The reality is that chatbots like OpenAI’s ChatGPT, Google’s Gemini, or Anthropic’s Claude still make regular mistakes. According to an October study by the BBC, even the most advanced AI chatbots gave wrong answers a whopping 45 percent of the time.

But many users don’t understand that reality. As detailed in a new paper, University of Pennsylvania postdoctoral researcher Steven Shaw and marketing professor Gideon Nave found that in a series of experiments, users tended to take the output of ChatGPT at face value even when it gave them the incorrect answer.

Across a series of experiments, participants were asked to answer a variety of reasoning and knowledge-based questions. Despite making the use of ChatGPT optional, over 50 percent of them chose to use the chatbot to answer the questions.

The researchers were testing a key theory: whether users would be willing to believe what the AI was telling them regardless of accuracy, in what they termed a “cognitive surrender” that effectively overrode their intuition and deliberation process.

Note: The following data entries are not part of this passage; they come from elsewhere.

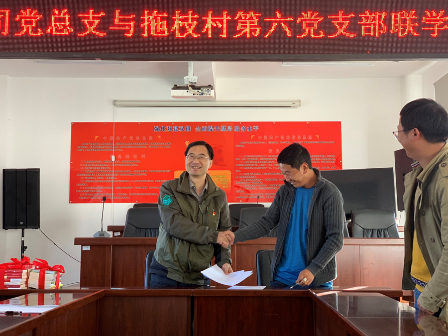 支部結對雙促進,共建共享強黨建。自公司黨組織成立以來,嚴格按照省財政廳機關黨委扶貧工作要求,農(nóng)擔公司黨(總)支部與永春鄉(xiāng)拖枝村第六黨支部開展了支部共建“雙一雙”學習教育、經(jīng)驗交流,10月22日公司黨總支書記郭影與拖枝村第六簽訂了黨支部結對共建協(xié)議書,并捐贈黨建和農(nóng)業(yè)科技方面讀書,把黨建工作與精準扶貧工作相結合,充分發(fā)揮農(nóng)擔公司黨組織全心支農(nóng)、為農(nóng)、惠農(nóng)、不脫農(nóng)的先鋒模范作用,以黨建推動脫貧攻堅,以脫貧攻堅促進支部黨建,促進了扶貧工作與黨建工作的良性互動。
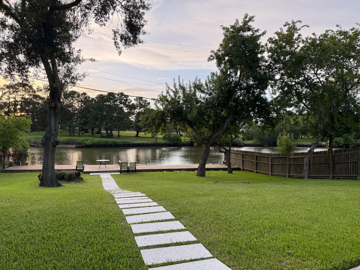 美しいヴィラでのんびりとした滞在をお楽しみください。 バイユーの息をのむような景色が楽しめます。 I -45高速道路からわずか2分で、NASA、ガルベストン、ヒューストンへの通勤が簡単です。 また、アウトレットモールまで5分です。 高速Wi-Fi、大型テレビ、広い裏庭、焚き火台、専用ドック、カヤックまで用意されています。 こちらのユニークな宿泊先には、独自のスタイルがあります。
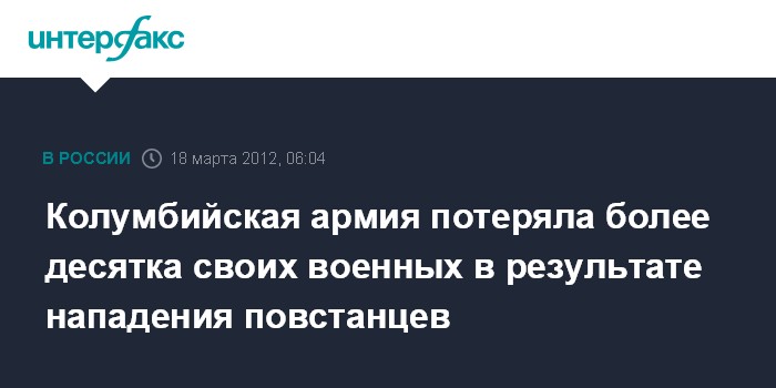 Лондон. 18 марта. ИНТЕРФАКС - Колумбийская армия сообщила о гибели 11 своих военнослужащих в результате нападения, совершенного боевиками леворадикальной повстанческой группировки "Революционные вооруженные силы Колумбии" (FARC).
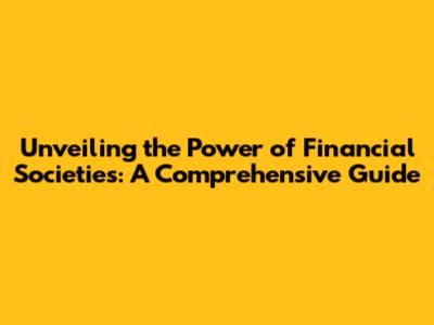 Unveiling The Power Of Financial Societies: A Comprehensive Guide

In the most striking experiment, involving 359 participants, participants followed AI’s correct advice 92.7 percent of the time — and a still-considerable 79.8 percent of the time when the AI gave them the wrong answer.

“While override rates were substantially higher on AI-Faulty than AI-Accurate trials, participants followed faulty AI recommendations on roughly four out of five chat-engaged trials,” the researchers wrote.

The research points at a much broader change in how we perceive the world around us and how we’re letting AI influence how we make decisions.

“We felt that the ability to actually outsource thinking hadn’t really been studied itself. It’s sort of a profound idea,” Shaw said during a UPenn podcast appearance last month. “A bit provocative, I would say, in the paper, that with these AI tools that are available, they’re so ingrained in our daily lives and decision processes that we now have the option or ability to outsource thinking itself.”